Tudor Deliu (29 October 1955 – 4 August 2023) was a Moldovan politician, professor, and lecturer. He was a member of the Parliament of Moldova from 2010 to 2019, on the lists of the Liberal Democratic Party of Moldova, acting as chairperson of the parliamentary faction of PLDM and secretary of the "Parliamentary Commission, Appointments and Immunities".

==Political life==
During the period from 1990 to 1994, Deliu was mayor of Răzeni village in Ialoveni District.

Tudor Deliu was the first president of the social-political movement "For the Nation and Country Party" (now the Greater Moldova Party) from 5 May 2007 to the summer of 2008, when the party joined the Liberal Democratic Party of Moldova. Subsequently, Tudor Deliu was on the PLDM electoral lists, but the movement continued to function.

In 2014 he was included in position 52 in the "TOP 100 most influential politicians of November 2014" (from the Republic of Moldova) in the version of Institute for Political Analysis and Consultancy ”POLITICON”.

On 9 September 2018, at the 7th Congress of the Liberal Democratic Party of Moldova, Tudor Deliu was elected the new party's president.

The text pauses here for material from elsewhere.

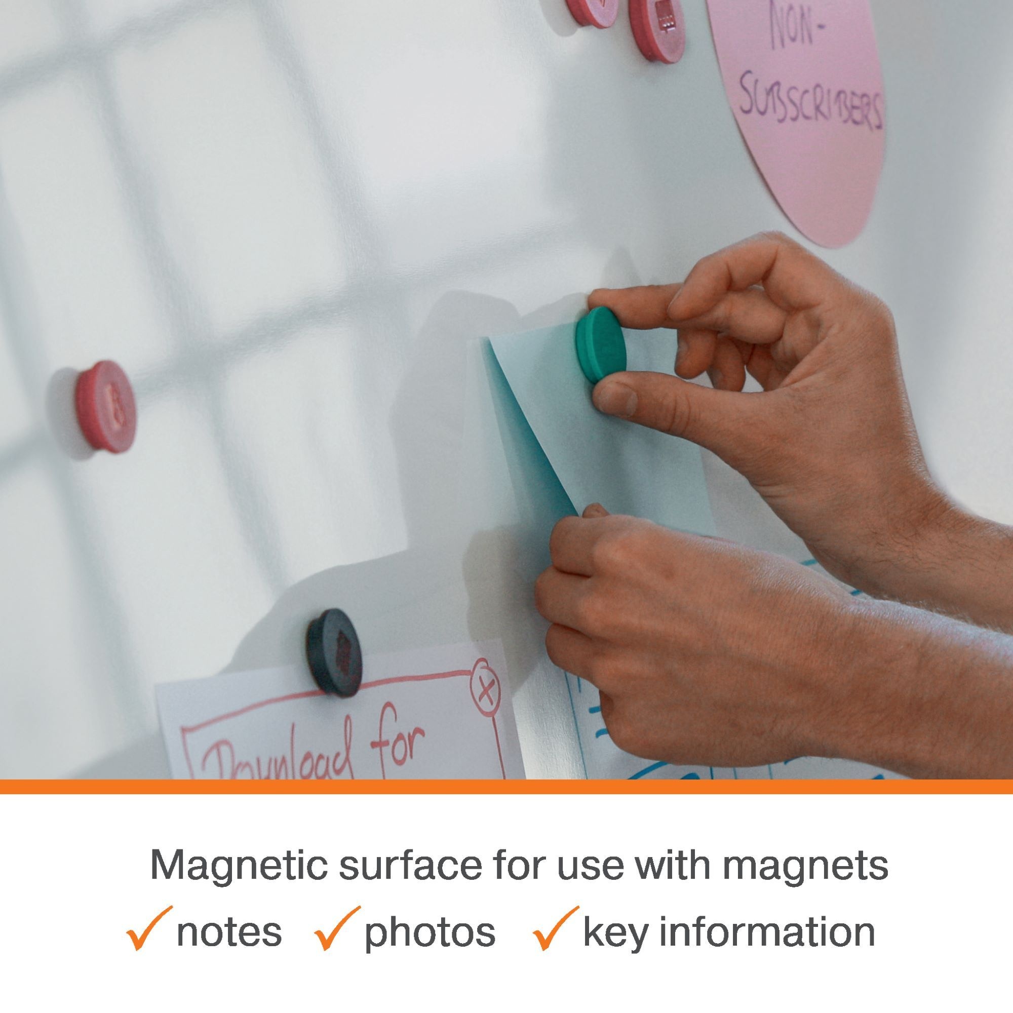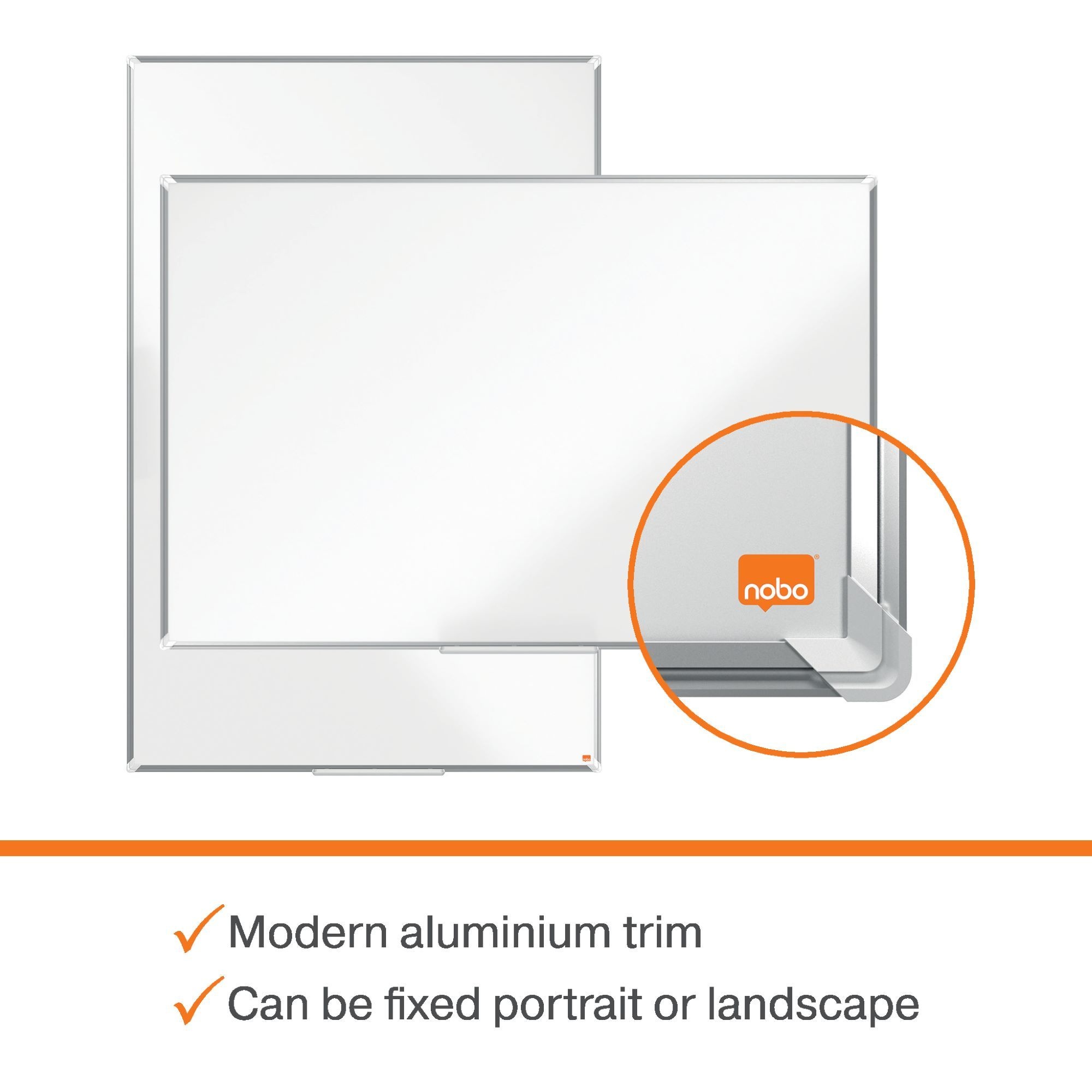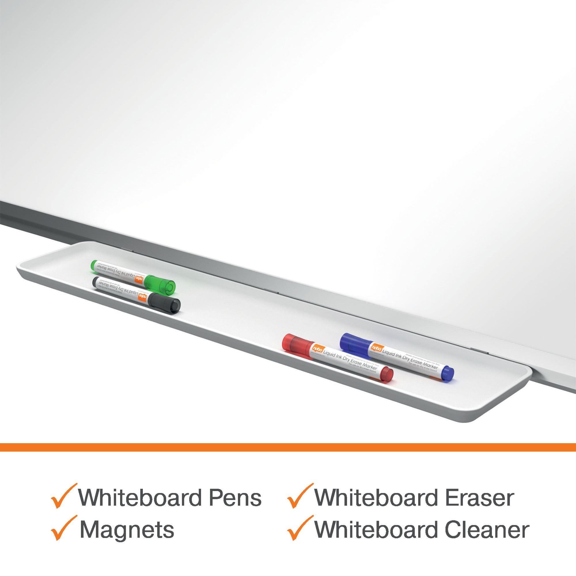 This board enhances writing clarity, making messages bold and easy to read. Its concealed traditional through-corner mounting allows installation in either portrait or landscape orientation for added flexibility. The magnetic surface is perfect for displaying notes, documents, and visual aids, while a convenient clip-on accessories tray keeps markers, erasers, and magnets organised and within reach.

According to the polls made in 2019 referring to the most popular politicians of the Republic of Moldova, Tudor Deliu is positioned eleventh among the top of politicians in which Moldovans have the highest trust and in another opinion poll it was positioned on the thirteenth position.

==Personal life and death==
Deliu was a football fan, played football and even coached a local team. He was married and has three children. Besides Romanian, he also spoke French and Russian. Tudor Deliu was a veteran of the armed conflict on the left bank of the Dniester, where he was the Major General of the Carabinieri.

Tudor Deliu died on 4 August 2023, at the age of 67.